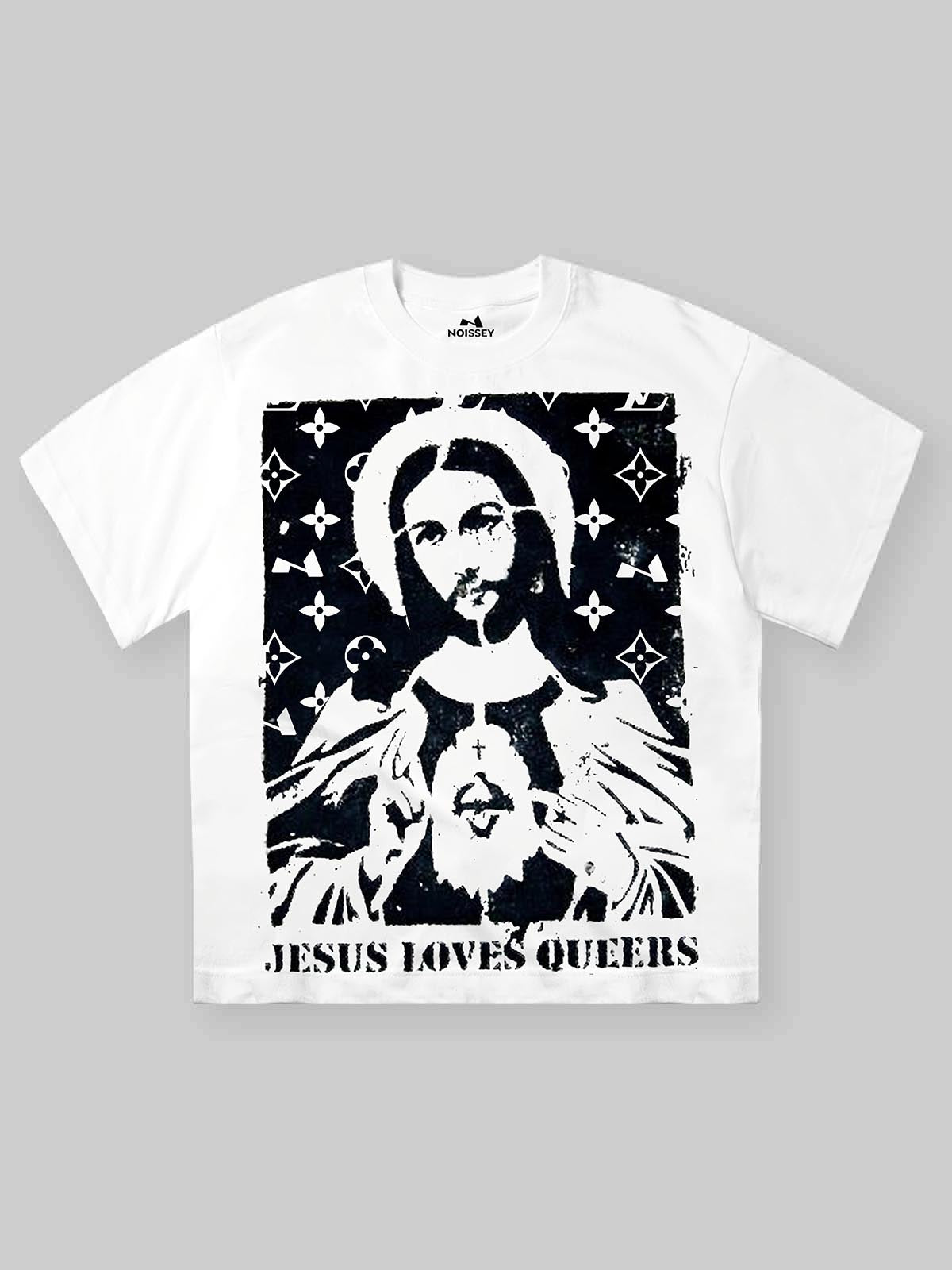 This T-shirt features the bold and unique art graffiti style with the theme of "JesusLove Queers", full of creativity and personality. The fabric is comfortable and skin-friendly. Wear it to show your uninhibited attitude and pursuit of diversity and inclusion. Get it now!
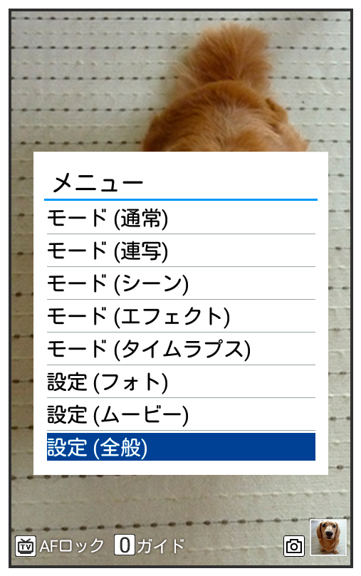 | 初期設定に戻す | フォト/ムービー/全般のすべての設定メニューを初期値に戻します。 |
---
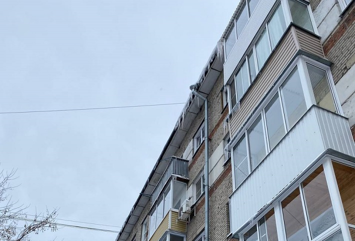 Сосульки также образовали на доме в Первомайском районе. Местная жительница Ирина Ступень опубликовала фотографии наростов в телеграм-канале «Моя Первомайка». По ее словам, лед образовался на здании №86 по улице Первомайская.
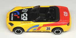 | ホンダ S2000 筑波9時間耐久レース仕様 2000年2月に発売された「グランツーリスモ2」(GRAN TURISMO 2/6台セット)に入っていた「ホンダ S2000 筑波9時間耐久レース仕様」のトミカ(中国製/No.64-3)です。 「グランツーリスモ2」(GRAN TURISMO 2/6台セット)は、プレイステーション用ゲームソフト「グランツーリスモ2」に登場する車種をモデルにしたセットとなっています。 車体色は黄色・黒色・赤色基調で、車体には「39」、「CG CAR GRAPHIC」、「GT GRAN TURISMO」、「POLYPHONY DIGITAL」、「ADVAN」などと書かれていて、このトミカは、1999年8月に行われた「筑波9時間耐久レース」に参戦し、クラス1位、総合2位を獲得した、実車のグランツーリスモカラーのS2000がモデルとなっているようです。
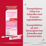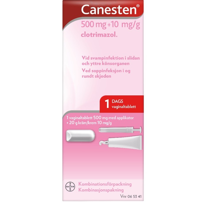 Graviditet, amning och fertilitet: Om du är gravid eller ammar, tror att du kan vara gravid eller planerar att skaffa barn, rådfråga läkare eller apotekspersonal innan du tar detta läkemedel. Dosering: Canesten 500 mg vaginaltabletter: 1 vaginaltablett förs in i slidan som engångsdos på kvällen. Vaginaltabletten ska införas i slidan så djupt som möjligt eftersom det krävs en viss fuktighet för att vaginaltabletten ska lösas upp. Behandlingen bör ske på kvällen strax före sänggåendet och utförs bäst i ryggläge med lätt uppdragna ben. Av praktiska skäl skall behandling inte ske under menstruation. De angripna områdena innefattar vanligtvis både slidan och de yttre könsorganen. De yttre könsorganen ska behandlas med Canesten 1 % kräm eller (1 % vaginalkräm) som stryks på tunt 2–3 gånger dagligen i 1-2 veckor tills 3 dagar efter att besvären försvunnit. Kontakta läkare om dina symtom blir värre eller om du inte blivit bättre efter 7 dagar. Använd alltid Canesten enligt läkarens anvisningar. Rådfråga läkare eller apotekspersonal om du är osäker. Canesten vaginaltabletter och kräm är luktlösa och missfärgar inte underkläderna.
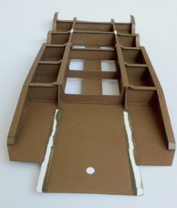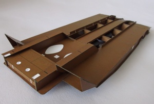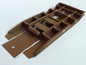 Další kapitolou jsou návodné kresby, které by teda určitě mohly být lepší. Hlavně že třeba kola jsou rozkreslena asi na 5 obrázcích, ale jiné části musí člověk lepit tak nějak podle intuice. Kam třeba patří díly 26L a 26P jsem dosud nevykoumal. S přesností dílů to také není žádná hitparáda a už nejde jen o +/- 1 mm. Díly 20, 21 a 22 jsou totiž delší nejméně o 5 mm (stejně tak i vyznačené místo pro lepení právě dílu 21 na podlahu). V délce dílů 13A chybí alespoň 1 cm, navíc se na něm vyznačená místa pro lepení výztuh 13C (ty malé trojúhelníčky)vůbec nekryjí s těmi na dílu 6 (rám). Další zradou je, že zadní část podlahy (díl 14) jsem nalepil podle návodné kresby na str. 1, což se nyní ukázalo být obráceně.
...
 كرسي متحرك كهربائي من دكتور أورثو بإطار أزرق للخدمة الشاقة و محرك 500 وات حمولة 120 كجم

= EXERCISE BRIEF =
Taking the material above, give again exactly the lines from the one holding "This T-shirt features" through the one holding "初期設定に戻す | フォト/ムービー/全般のすべての設定メニューを初期値に戻します。 |", with both ends and without pictures.

= SOLUTION =
 This T-shirt features the bold and unique art graffiti style with the theme of "JesusLove Queers", full of creativity and personality. The fabric is comfortable and skin-friendly. Wear it to show your uninhibited attitude and pursuit of diversity and inclusion. Get it now!
 | 初期設定に戻す | フォト/ムービー/全般のすべての設定メニューを初期値に戻します。 |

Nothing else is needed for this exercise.